La premier danese Mette Frederiksen
Naja obbligatoria anche per le donne
Il governo di Copenaghen intende ora far approvare anche una legge che, a partire dal 2026, renderà obbligatorio il servizio militare anche per le donne e aumenterà il periodo durante il quale si svolge l’addestramento all’uso delle armi.
Attualmente, le giovani donne del piccolo paese nordico possono arruolarsi volontariamente nelle forze armate ma non sono soggette al servizio militare obbligatorio valido invece per gli uomini, estratti a sorte per coprire i posti non occupati dai volontari.

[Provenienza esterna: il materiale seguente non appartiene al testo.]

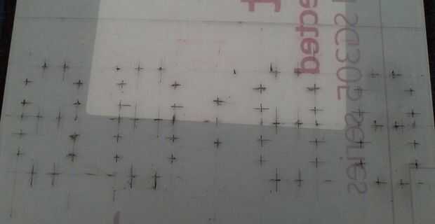 Lo primero que queremos hacer es crear nuestro tablero de LED. Esencialmente estamos creando una gran pantalla de 7 segmentos con 2 LEDs por segmento versus comprar un display de 7 segmentos real este tamaño que sería muy caro. La pantalla es simétrica por lo que se quiere averiguar la distancia que desee entre un lado de cada dígito y el otro y luego utiliza ese valor para el espaciado de los 3 segmentos horizontales así. Puede ayudar a dibujar cajas para los segmentos de los dígitos y luego marque las ubicaciones de LED a cada lado de sus plazas como 1/3 de la longitud del cuadrado en cada borde. Ver las fotos. Uno de los grande descuentos en este proyecto es poner los LEDs están lo suficientemente juntos que puede torcer los cables para crear una conexión común. No haga que la pantalla tan grande que esto no funciona. Si utilizas una gran pantalla, puede aumentar el número de LEDs así. He usado cerca de 1.5" espaciado.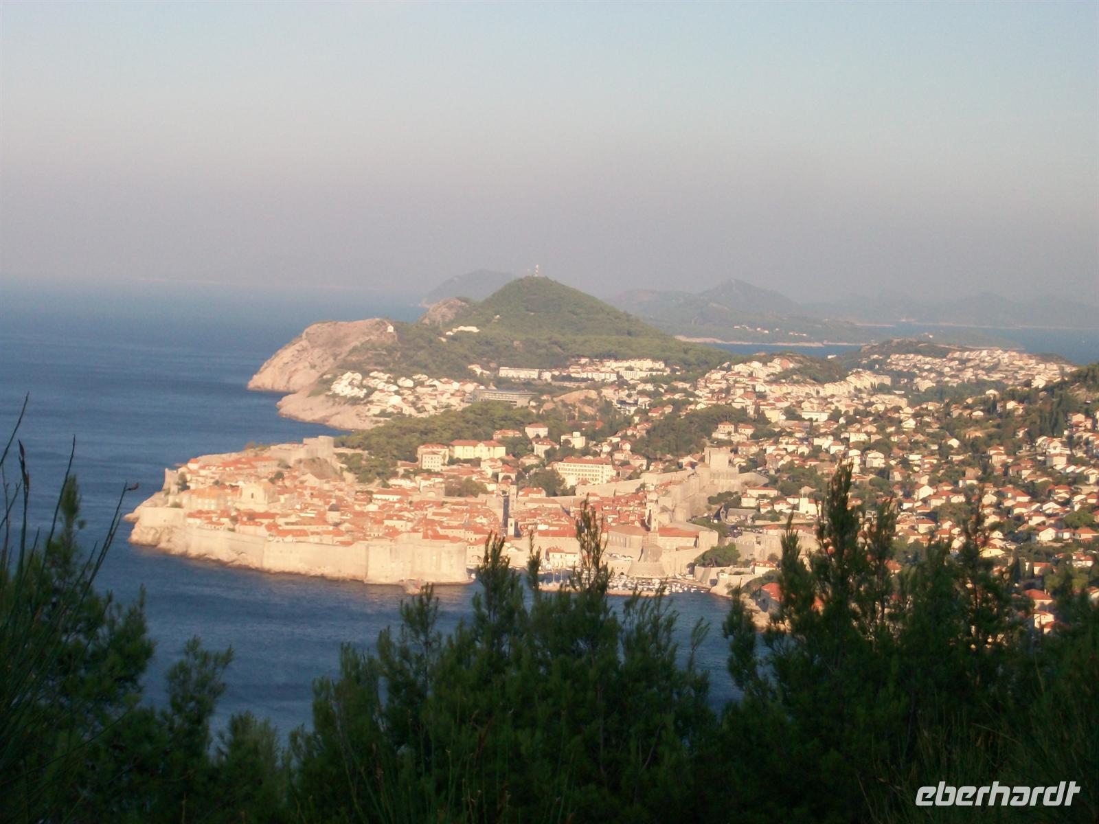 Ebene von Tivat vorbei, sehen den Flugplatz und langen bald an der Stelle an wo uns die Autofähre auf die andere Seite der Bucht bringen wird. Die Sonne neigt sich nun langsam ihrem Untergang zu und wir sind auf dem Weg zur Grenze. Hier werden wir nicht lange aufgehalten, in dieser Zeit ist es aber dunkel geworden und hoch über der schön beleuchteten Altstadt von Dubrovnik schweben wir ein um wenig später unser Hotel zu erreichen.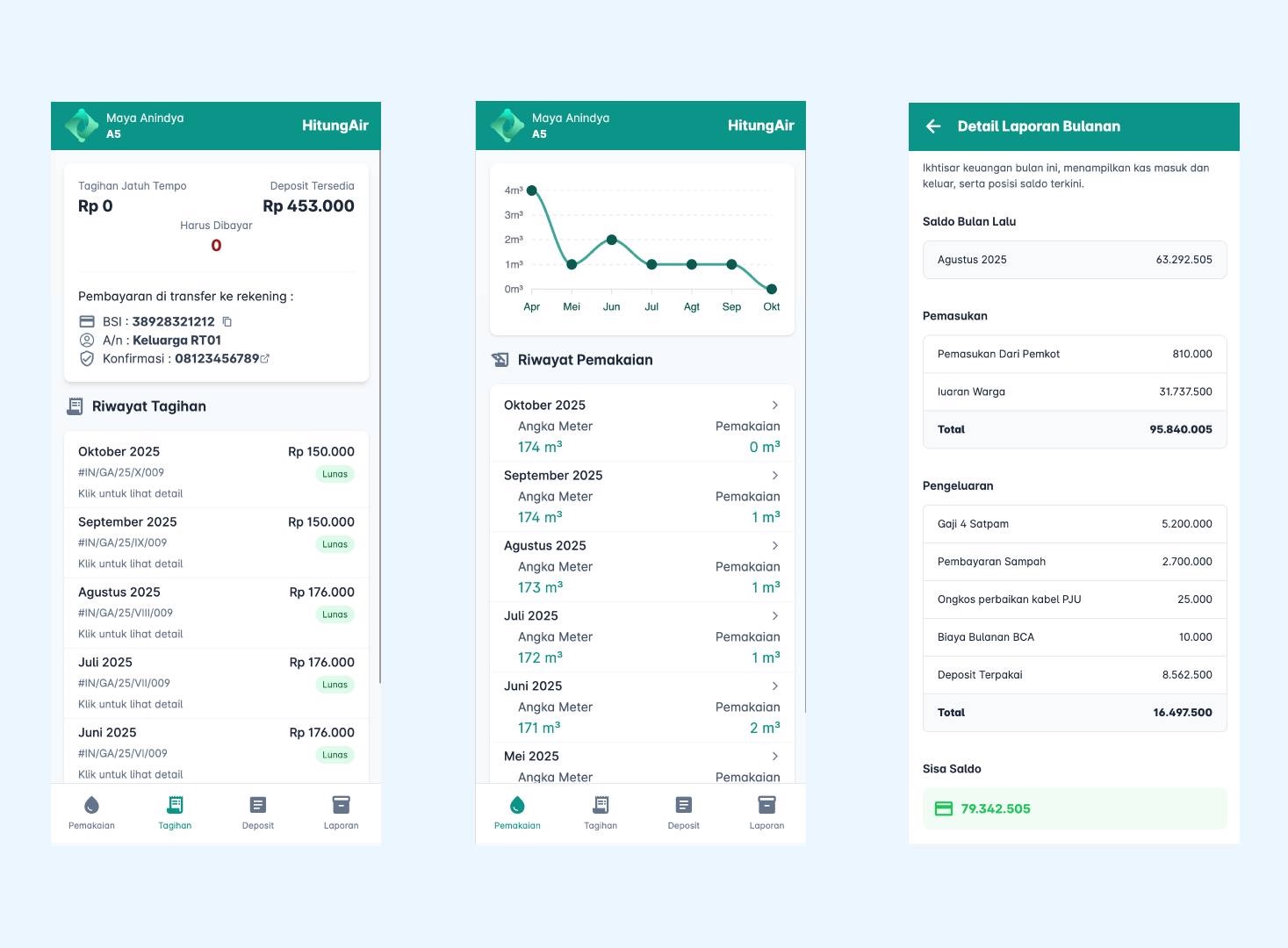 Aplikasi pelanggan HitungAir memudahkan pengguna dalam memantau pemakaian air, melihat tagihan bulanan, serta mengecek saldo deposit secara langsung. Dilengkapi laporan bulanan yang rapi dan transparan, setiap pelanggan dapat mengontrol penggunaan dan pembayaran dengan mudah di satu aplikasi.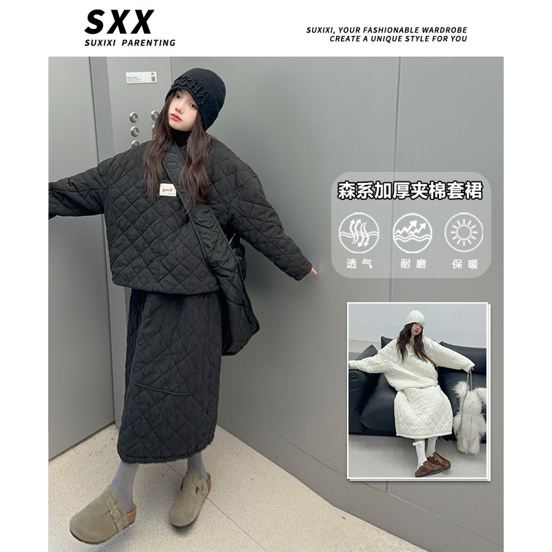 柒号童仓儿童韩系洋气加厚棉服套装冬装新款女童保暖外套时尚短裙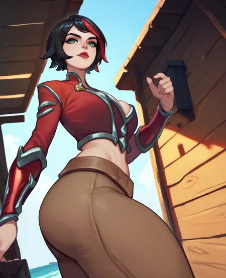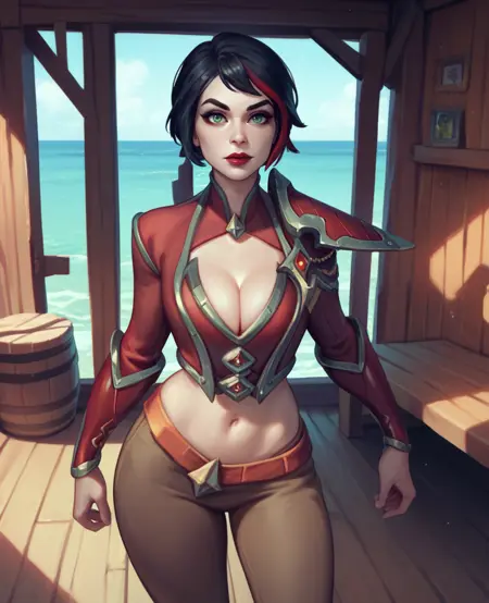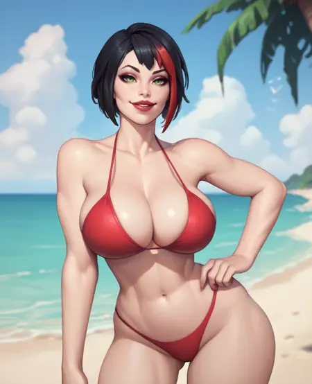 Vivian,绿色眼睛,黑色头发,带红色发缕,短发或中长发,
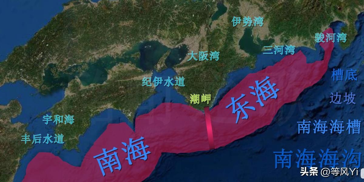 南海海槽全长700km,和歌山县潮岬将南海海槽水域分为了东海、南海两部分。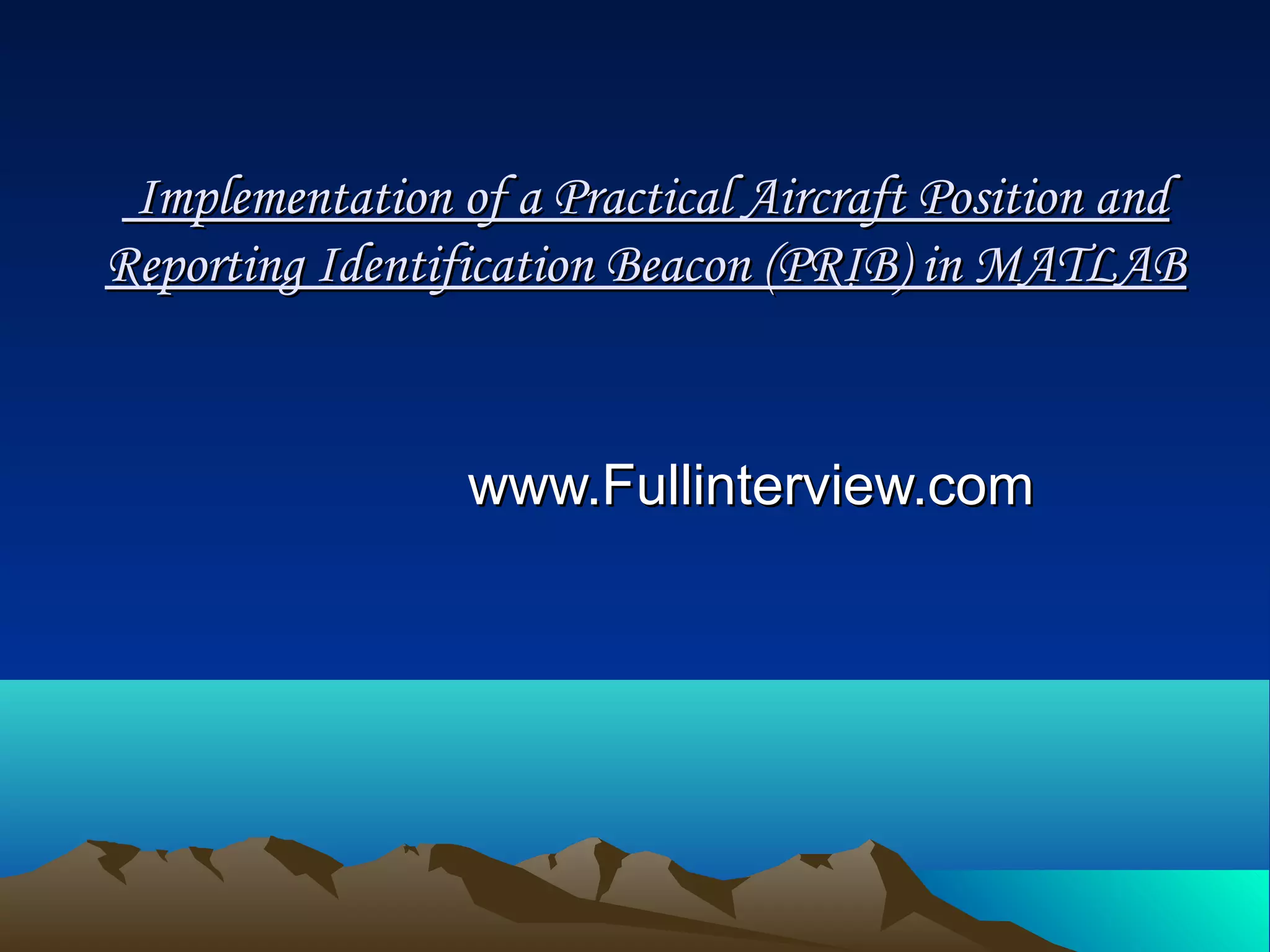 This document discusses the implementation of an aircraft position and identification tracking system using GPS and a PRIB (Practical Aircraft Reporting Identification Beacon) device in MATLAB. It describes the need to track aircraft without relying on transponders that can be turned off. The system uses GPS to determine the aircraft's position and GMSK modulation to transmit identification and location data via the PRIB device. MATLAB is used to simulate the system due to its signal processing and communications toolboxes and ability to define custom functions.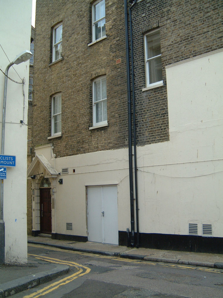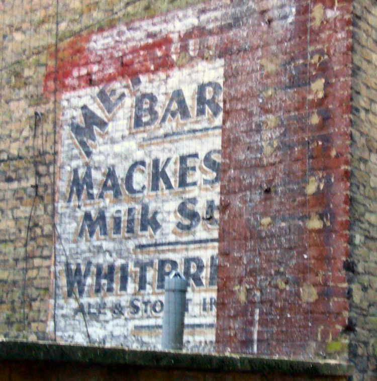 advertising Mackinson Stout, above the side entrance. The doorway being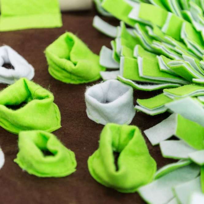 The intelligence sniffing mat is 80 x 80 cm and consists of half a sniffing meadow. The other half consists of over 20 treat hiding places in seven different variations and offers your four-legged friend plenty of activity, challenge and fun.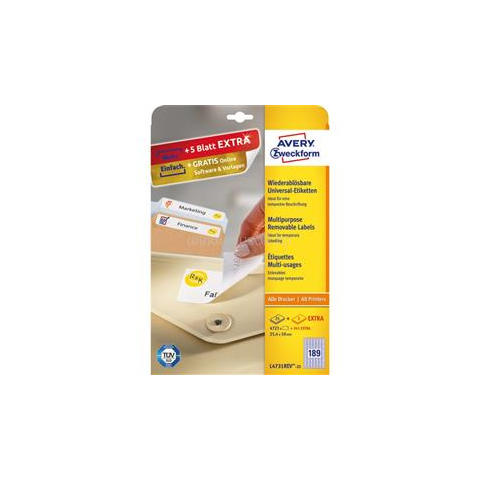 1 kép Avery L4731REV-25 25,4x10mm visszaszedhető 5670db-os etikett (AVERY_L4731REV-25)

«Proteggere il proprio paese è una delle cose più onorevoli che si possa fare. Per questo il governo propone di ampliare il servizio militare (…). Proponiamo la piena uguaglianza di genere nell’esercito» ha detto Mette Frederiksen. Per la leader danese, sostenuta da una maggioranza formata dai socialdemocratici, dai liberali (centrodestra) e dai Moderati (centro), «una maggiore uguaglianza di genere creerà una difesa più moderna e diversa che rifletta i tempi in cui viviamo». Più pragmaticamente, il Ministro della Difesa di Copenaghen Troels Lund Poulsen ha citato le nuove esigenze poste dal clima di guerra che si respira in Europa, che le decisioni del suo esecutivo contribuiscono indubbiamente ad alimentare.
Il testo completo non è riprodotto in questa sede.